==== Material shown ====
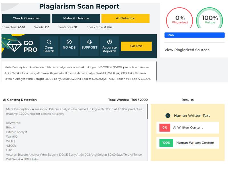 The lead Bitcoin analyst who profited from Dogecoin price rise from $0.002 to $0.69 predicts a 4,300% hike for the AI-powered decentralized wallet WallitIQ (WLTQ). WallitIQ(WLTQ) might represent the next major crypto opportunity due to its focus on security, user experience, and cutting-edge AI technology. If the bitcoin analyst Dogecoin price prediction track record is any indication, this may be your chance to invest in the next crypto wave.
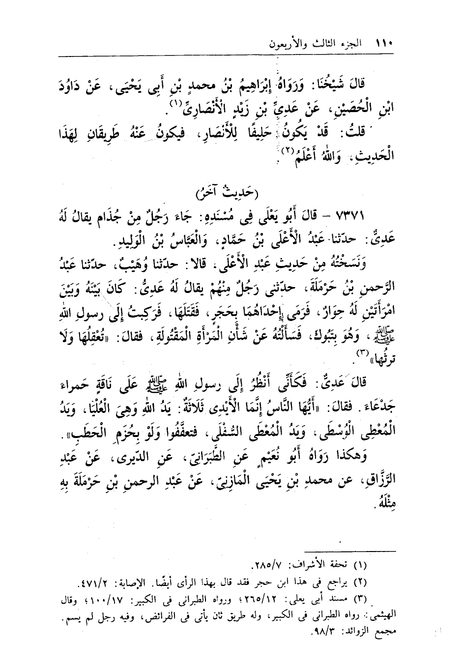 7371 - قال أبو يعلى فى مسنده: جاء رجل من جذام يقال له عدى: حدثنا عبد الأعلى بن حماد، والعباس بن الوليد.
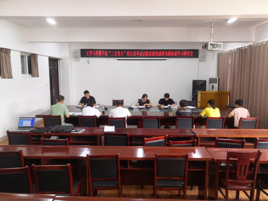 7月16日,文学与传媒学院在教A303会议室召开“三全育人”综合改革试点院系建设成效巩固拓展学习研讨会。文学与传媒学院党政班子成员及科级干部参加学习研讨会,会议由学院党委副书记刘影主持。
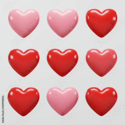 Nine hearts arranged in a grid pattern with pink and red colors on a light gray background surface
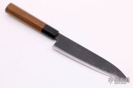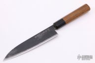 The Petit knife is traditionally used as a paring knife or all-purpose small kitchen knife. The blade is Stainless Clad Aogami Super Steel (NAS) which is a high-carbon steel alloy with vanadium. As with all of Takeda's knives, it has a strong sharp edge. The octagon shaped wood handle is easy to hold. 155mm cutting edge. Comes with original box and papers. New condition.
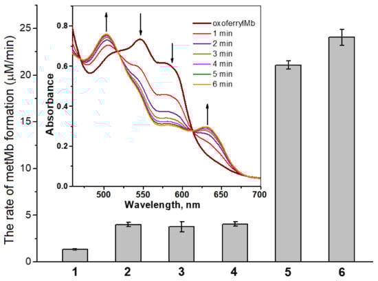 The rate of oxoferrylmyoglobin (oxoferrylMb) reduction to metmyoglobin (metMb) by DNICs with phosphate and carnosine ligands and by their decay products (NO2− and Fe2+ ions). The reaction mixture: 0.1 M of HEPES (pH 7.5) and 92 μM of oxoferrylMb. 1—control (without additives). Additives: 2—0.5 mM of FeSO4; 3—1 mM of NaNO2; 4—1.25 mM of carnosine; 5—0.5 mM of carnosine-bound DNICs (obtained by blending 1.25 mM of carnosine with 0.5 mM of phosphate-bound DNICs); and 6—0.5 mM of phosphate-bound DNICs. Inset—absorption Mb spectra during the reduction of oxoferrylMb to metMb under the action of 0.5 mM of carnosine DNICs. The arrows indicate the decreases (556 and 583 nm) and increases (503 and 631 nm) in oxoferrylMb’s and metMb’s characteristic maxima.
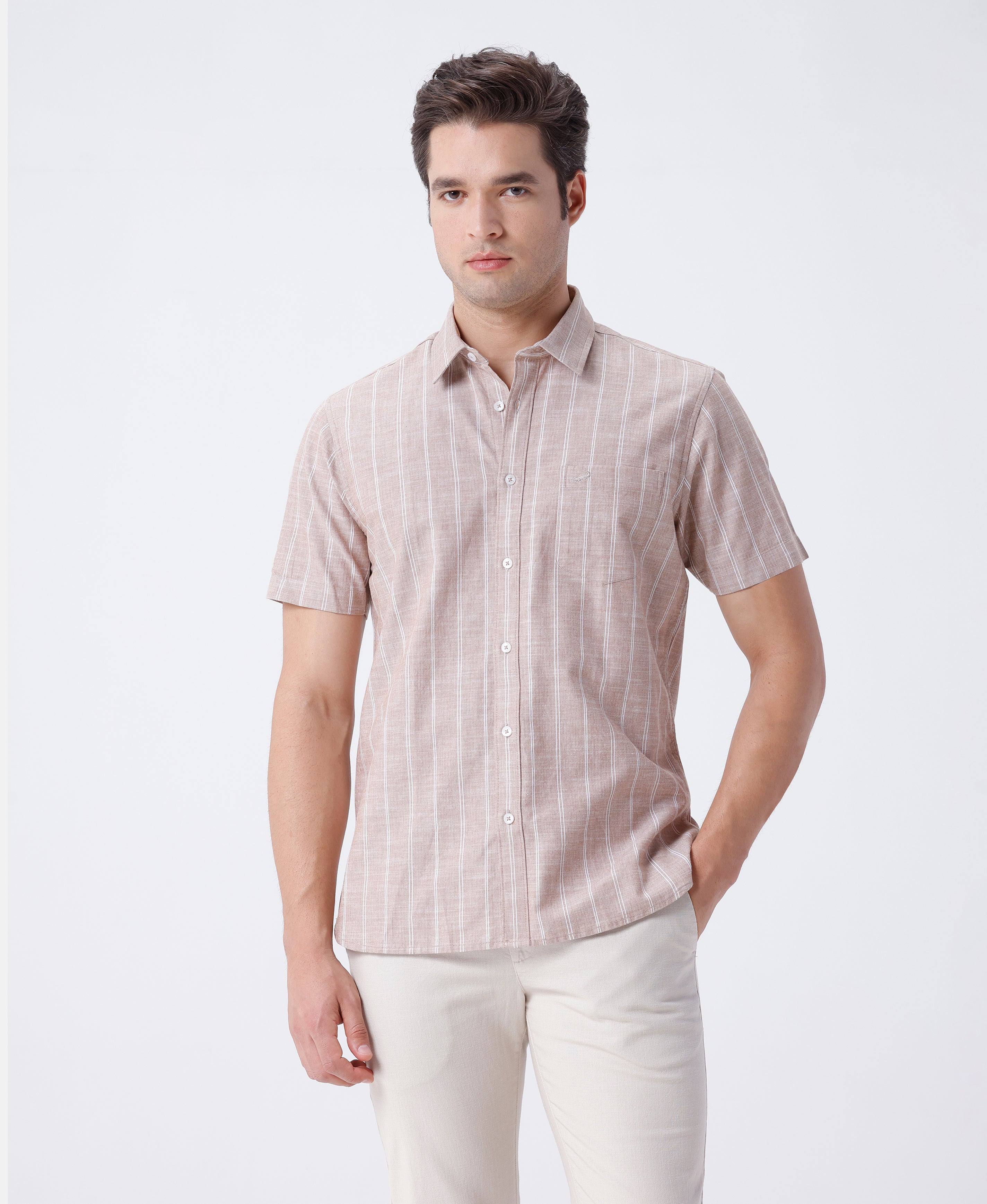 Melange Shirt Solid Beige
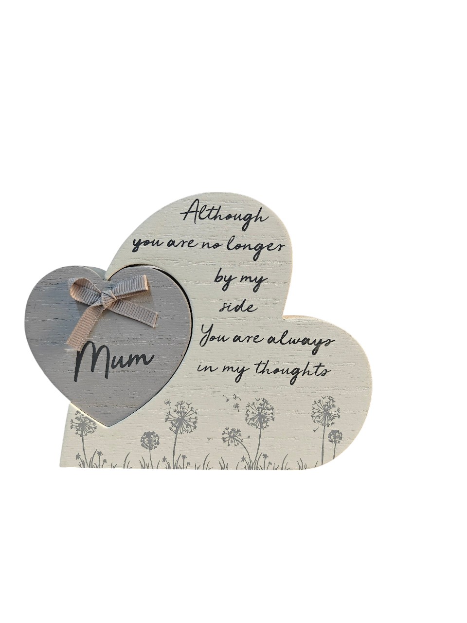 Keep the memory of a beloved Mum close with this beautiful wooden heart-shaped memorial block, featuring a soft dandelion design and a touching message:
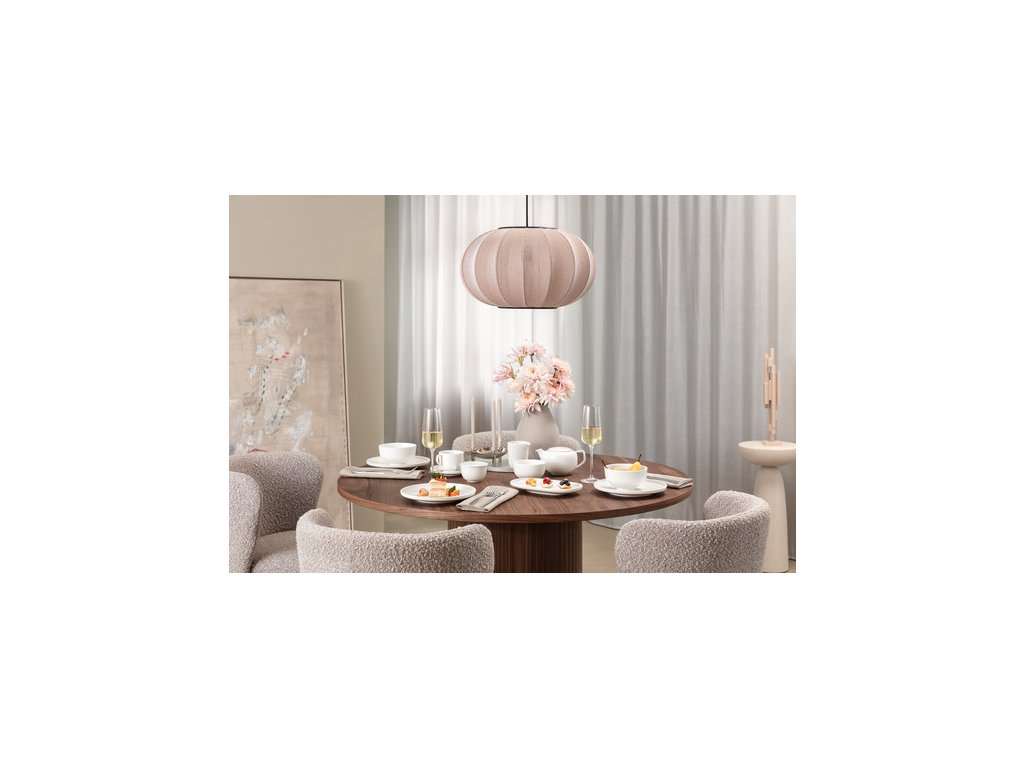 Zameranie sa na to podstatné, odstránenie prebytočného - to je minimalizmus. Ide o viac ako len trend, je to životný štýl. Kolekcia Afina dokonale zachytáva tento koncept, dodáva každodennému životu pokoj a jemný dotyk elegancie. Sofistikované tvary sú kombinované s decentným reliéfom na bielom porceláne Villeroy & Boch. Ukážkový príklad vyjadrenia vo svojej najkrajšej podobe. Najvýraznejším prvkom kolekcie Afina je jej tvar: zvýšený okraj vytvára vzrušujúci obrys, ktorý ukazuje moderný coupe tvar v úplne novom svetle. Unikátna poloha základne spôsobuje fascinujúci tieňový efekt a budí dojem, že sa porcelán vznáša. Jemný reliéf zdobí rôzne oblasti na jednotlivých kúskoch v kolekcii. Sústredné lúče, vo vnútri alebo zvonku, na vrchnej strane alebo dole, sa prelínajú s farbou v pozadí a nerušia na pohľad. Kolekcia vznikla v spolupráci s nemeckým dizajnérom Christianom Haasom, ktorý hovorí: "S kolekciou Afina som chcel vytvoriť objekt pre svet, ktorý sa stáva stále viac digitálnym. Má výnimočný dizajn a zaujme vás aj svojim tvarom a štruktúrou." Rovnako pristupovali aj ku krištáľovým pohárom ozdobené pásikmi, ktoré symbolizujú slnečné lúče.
====
### Task to complete
Every line from the top of the records above to the line with "Nine hearts arranged", inclusive, should be duplicated exactly, minus the pictures.

### Response box
 The lead Bitcoin analyst who profited from Dogecoin price rise from $0.002 to $0.69 predicts a 4,300% hike for the AI-powered decentralized wallet WallitIQ (WLTQ). WallitIQ(WLTQ) might represent the next major crypto opportunity due to its focus on security, user experience, and cutting-edge AI technology. If the bitcoin analyst Dogecoin price prediction track record is any indication, this may be your chance to invest in the next crypto wave.
 7371 - قال أبو يعلى فى مسنده: جاء رجل من جذام يقال له عدى: حدثنا عبد الأعلى بن حماد، والعباس بن الوليد.
 7月16日,文学与传媒学院在教A303会议室召开“三全育人”综合改革试点院系建设成效巩固拓展学习研讨会。文学与传媒学院党政班子成员及科级干部参加学习研讨会,会议由学院党委副书记刘影主持。
 Nine hearts arranged in a grid pattern with pink and red colors on a light gray background surface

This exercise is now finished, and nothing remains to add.